## Prompt
Reproduce the listing exactly. Omit pictures.

## Information shown
'''
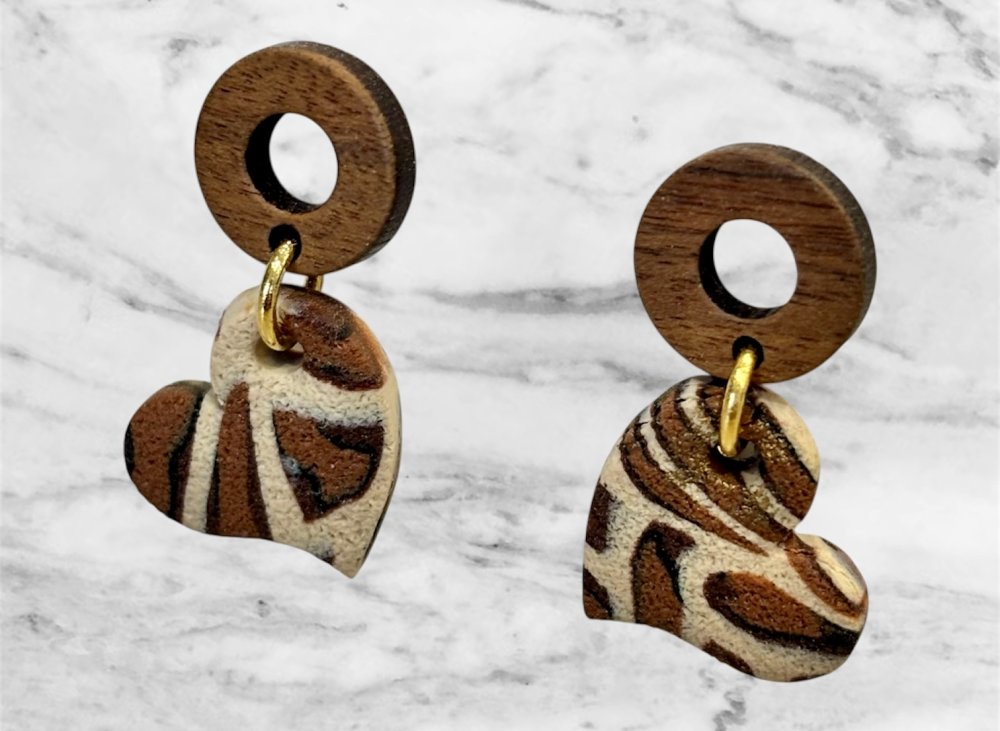 Boucles d’oreilles en pâte polymère et acier inoxydable avec l’accroche en bois et son petit cœur léopard
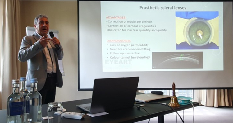 Lefteris Karageorgiadis von EyeArt aus Thessaloniki/Griechenland ging in seinem Vortrag auf die Auswahlmöglichkeiten prothetischer Kontaktlinsen ein.
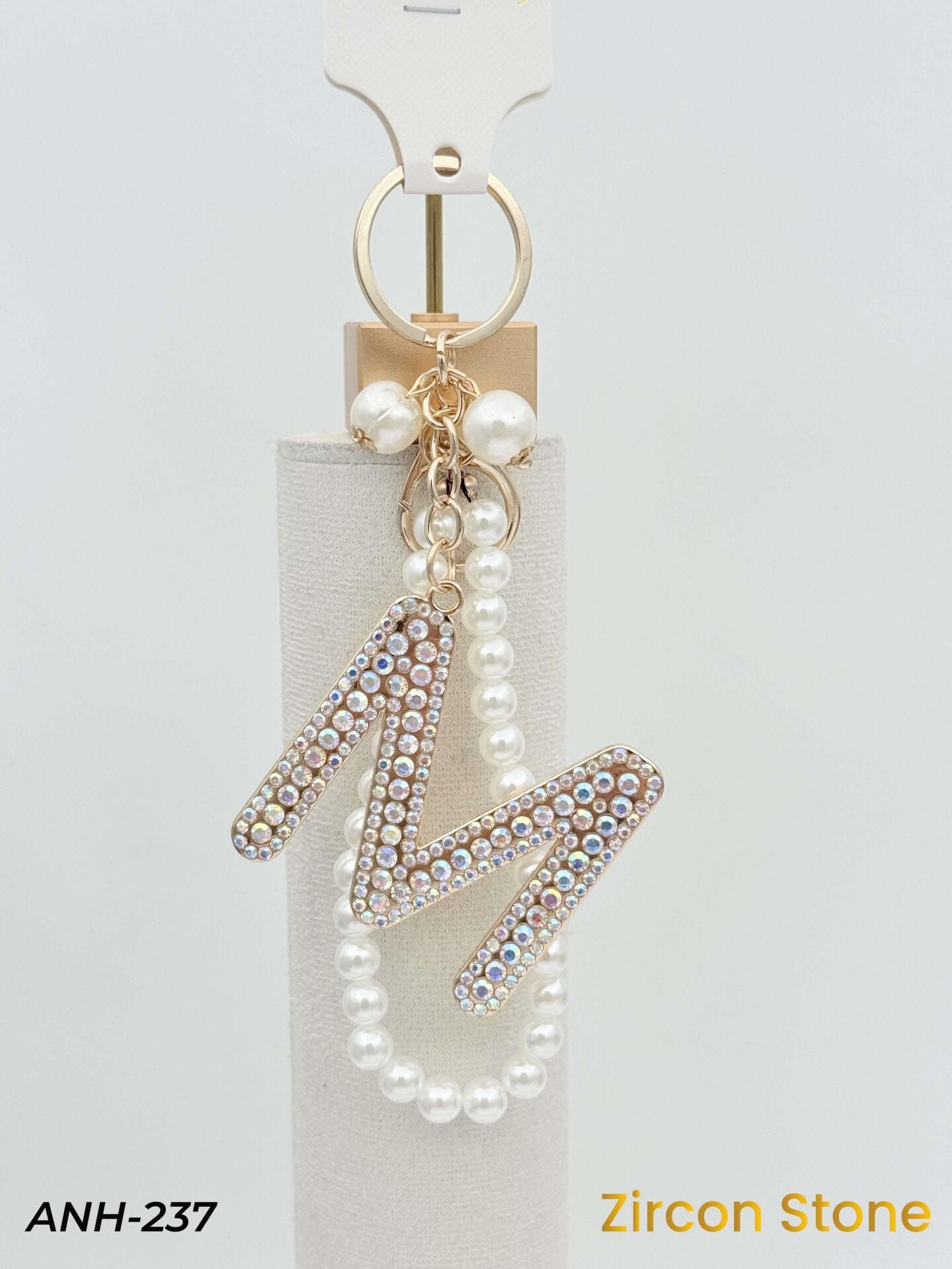 Zirkon Taşlı İncili Harf Anahtarlık-Çanta Charm // ANH-237
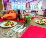 Трехразовое питание в столовой санатория организовано по системе «шведский стол». Просторный светлый зал санатория с видом на море одновременно вмещает 120 человек. Меню составляется ежедневно, поэтому каждый день вам предложат попробовать что-то новое. Согласно назначению врача возможно применение диеты.
'''
## Solution below
 Boucles d’oreilles en pâte polymère et acier inoxydable avec l’accroche en bois et son petit cœur léopard
 Lefteris Karageorgiadis von EyeArt aus Thessaloniki/Griechenland ging in seinem Vortrag auf die Auswahlmöglichkeiten prothetischer Kontaktlinsen ein.
 Zirkon Taşlı İncili Harf Anahtarlık-Çanta Charm // ANH-237
 Трехразовое питание в столовой санатория организовано по системе «шведский стол». Просторный светлый зал санатория с видом на море одновременно вмещает 120 человек. Меню составляется ежедневно, поэтому каждый день вам предложат попробовать что-то новое. Согласно назначению врача возможно применение диеты.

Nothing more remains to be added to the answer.